• _Assigned task_:
The listing is to be printed word for word, pictures omitted.

┌─ Data shown

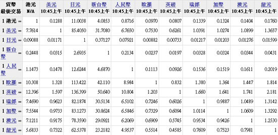 主要貨幣匯率
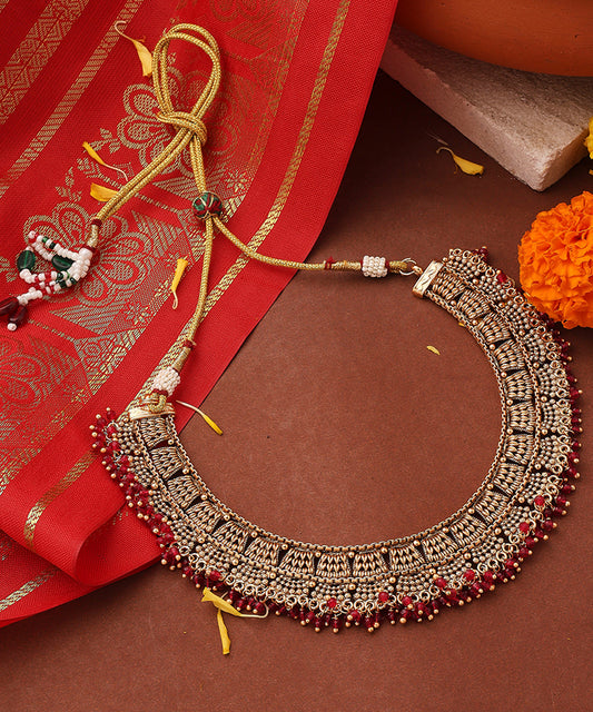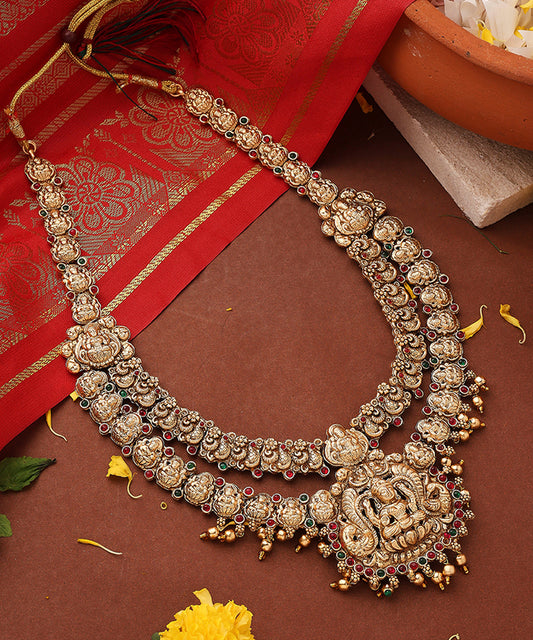 Antique Gold Lakshmi Necklace with Beaded Layers
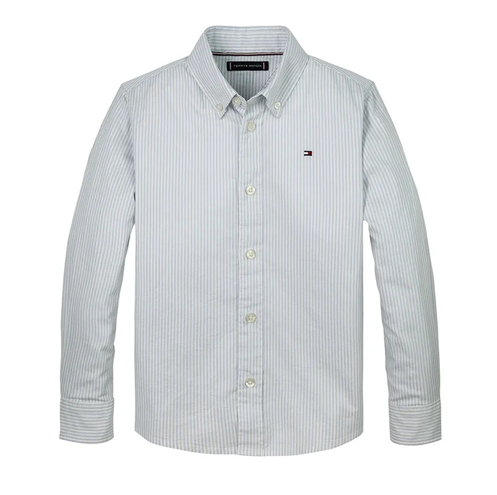 Camicia a righe maniche lunghe con ricamo logo anteriore
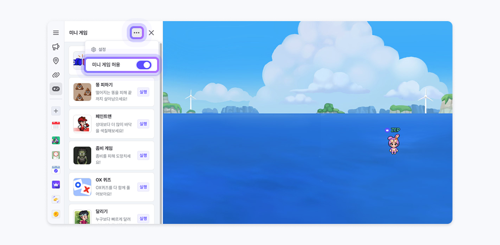 チャット・ミニゲーム・埋め込みの許可設定を、設定画面を開かずにサイドバーから直接確認・管理できるように改善しました。

└─

• _Finished task_:
 主要貨幣匯率
 Antique Gold Lakshmi Necklace with Beaded Layers
 Camicia a righe maniche lunghe con ricamo logo anteriore
 チャット・ミニゲーム・埋め込みの許可設定を、設定画面を開かずにサイドバーから直接確認・管理できるように改善しました。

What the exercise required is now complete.